Et comment serait-elle près de moi, sur le rond-point des Champs-Élysées? Là-bas, au bout de l’avenue, l’Arc de Triomphe, qui porte sous ses voûtes les noms des compagnons d’armes de l’oncle Victor, ouvre sur le ciel sa porte gigantesque. Les arbres de l’avenue déploient, au soleil du printemps, leurs premières feuilles encore pâles et frileuses. À mon côté, les calèches roulent vers le bois de Boulogne. J’ai poussé ma promenade sur cette avenue mondaine, et me voici arrêté sans raison devant une boutique en plein air où sont des pains d’épice et des carafes de coco bouchées par un citron. Un petit misérable, couvert de loques qui laissent voir sa peau gercée, ouvre de grands yeux devant ces somptueuses douceurs qui ne sont point pour lui. Il montre son envie avec l’impudeur de l’innocence. Ses yeux ronds et fixes contemplent un bonhomme de pain d’épice d’une haute taille. C’est un général, et il ressemble un peu à l’oncle Victor.
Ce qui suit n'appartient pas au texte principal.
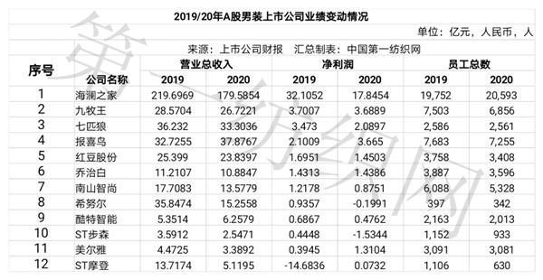 随着2020年年报的披露结束,沪深A股男装企业交出疫情之后的年度成绩单,而在疫情冲击下的大环境下,本土男装行业的生存尤为不易。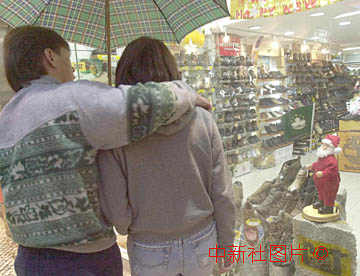 澳門一家商店特意讓圣誕老人玩具手握特區(qū)區(qū)旗歡迎回歸,引起一對(duì)情侶的好奇。

Je le prends, je le paye et je le tends au petit pauvre, qui n’ose y porter la main, car, par une précoce expérience, il ne croit pas au bonheur; il me regarde de cet air qu’on voit aux gros chiens et qui veut dire: «Vous êtes cruel de vous moquer de moi.»


– Allons, petit nigaud, lui dis-je de ce ton bourru qui m’est ordinaire, prends, prends et mange, puisque, plus heureux que je ne fus à ton âge, tu peux satisfaire tes goûts sans te déshonorer.


Et vous, oncle Victor, vous, dont ce général de pain d’épice m’a rappelé la mâle figure, venez, ombre glorieuse, me faire oublier ma nouvelle poupée. Nous sommes d’éternels enfants et nous courons sans cesse après des jouets nouveaux.


Même jour.


C’est de la façon la plus bizarre que la famille Coccoz est associée dans mon esprit au clerc Jean Toutmouillé.


– Thérèse, dis-je en me jetant dans mon fauteuil, apprenez-moi si le jeune Coccoz se porte bien et s’il a ses premières dents, et donnez-moi mes pantoufles.